Background information
- Also known as: Mira
- Born: Budapest, Hungary
- Occupations: singer, songwriter, producer

= Myra Monoka =

Myra Monoka, is an international singer and songwriter who creates soulful electronic music.

Monoka has written and sang top records such as Chris.SU feat. Mira - Together in the Night (Andy C - Nightlife 6) Remix of the year 2012, Mongoose feat. Mira - Comin Alive Best Videos of 2012 }, Soerii & Poolek - Brutalis Nyar as well as contributed to projects that have gone on to reach the top 5 on charts, such as Bogi and the Berry - Korut, Mongoose feat. Myra Monoka - Play.

==Recent achievements==

She cowrote and sang the Hungarian hit with Willcox - Remember. The track was the most Shazamed Hungarian track for eight weeks in Hungary.

She sings the official remix song of the Hungarian superproduction (movie with a budget of 1billion HUF) called PAPPA PIA, that she created with DJ Begi Lotfi ( Petofi Award - Best DJ of the year.) The song reached the 4th place on the Hungarian MAHASZ list this month in August.

In May she reached 1st and the 11th place with “ Stereo Palma ft. Myra - Because of the Night “ on the German DJ Playlist (DDP)
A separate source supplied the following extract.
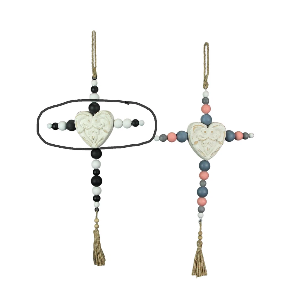 NOTE: DUE TO THE BLACK AND WHITE BEADS ARE INCORRECT this item is being sold at a reduced price. Please see last photo for damages/defects. Add some spiritual style to your home with this set of decorative wall hanging crosses. Creatively crafted from wood the white, black, blue, and pink painted finish and beaded design lets it compliment a variety of home decor styles. Each measure 10.25 inch wide, 1 inch depth, 19.5 inch high, the built-in 4 inch drop twine hangers makes it quick and easy to display them in your home kitchen, living room, bedroom, or bathroom. A great gift for yourself or friends and family. Our eBay Store About Us Add to Favorite Sellers 19 Inch Wooden Bead Cross Wall Hanging Home Decor Modern Decorative Art Set of 2 NOTE: DUE TO THE BLACK AND WHITE BEADS ARE INCORRECT this item is being sold at a reduced price. Please see last photo for damages/defects. NOTE - DUE TO THE BLACK AND WHITE BEADS ARE INCORRECT this item is being sold at a reduced price. Please see last photo for damages/defects. STURDY MATERIAL - Creatively Crafted From Wood With A Beaded Design In Multiple Colors EASY INSTALL - Built-in 4 Inch Drop Twine Hanger For Quick And Simple Display SUBTLE STYLE - Minimalist Design Compliments A Variety Of Home Decor Themes OVERALL SIZE - Each Measure 10.25 Inch Wide, 1 Inch Depth, 19.5 Inch High NOTE: DUE TO THE BLACK AND WHITE BEADS ARE INCORRECT this item is being sold at a reduced price. Please see last photo for damages/defects. Add some spiritual style to your home with this set of decorative wall hanging crosses. Creatively crafted from wood the white, black, blue, and pink painted finish and beaded design lets it compliment a variety of home decor styles. Each measure 10.25 inch wide, 1 inch depth, 19.5 inch high, the built-in 4 inch drop twine hangers makes it quick and easy to display them in your home kitchen, living room, bedroom, or bathroom. A great gift for yourself or friends and family. Product Details Color Multicolored Height 19.5 Length 10.25 Weight 1 LB

This year in Hungary she received her first Platinum album for her pop song. ”Soerii&Poolek - Hurrikán”.

==Early life==

Myra was born on 6 July 1988, in Budapest, Hungary as Eszter Nagy. Myra started playing the cello at age 6 and got accepted to the Béla Bartók Conservatory at age 13. In Miami, America, she became a sound engineer at SAE Institute and had a chance to learn from Grammy Awarded/Nominated teachers.

==Discography==
- 2024 - Így Alakult
- 2023 - Drive
- 2022 - 6 Feet Under
- 2020 - Willcox ft. Myra Monoka - Over
- 2018 - Willcox - Remember
- 2017 - Mongoose feat. Myra Monoka - Ma Még
- 2017 - Stereo Palma feat. Myra - Because of the Night
- 2017 - Lotfi Begi feat. Myra - Pappa Pia Hivatalos Remix - Kell egy kis örültség
- 2015 - Supapowa - Myra Monoka & Mongoose - Single - AMPM
- 2015 - Me on the Rocks - Myra Monoka - Single - AMPM
- 2015 - Countdown - Myra Monoka - Single - AMPM
- 2015 - Brutalis Nyar - Soerii & Poolek - Single - Gold Record Music Kft.
- 2015 - Mesmerized - Plastic Heaven - EP - StayFly Records
- 2013 - Together in the Night feat. Mira - Chris.SU - FATE Recordings
- 2012 - Comin Alive - Mongoose feat. Mira - Power to us EP - RUNE CHILL Recordings Amazon ]
- 2012 - Higher - Chris.SU - Fate EP - Subtitles Music (UK)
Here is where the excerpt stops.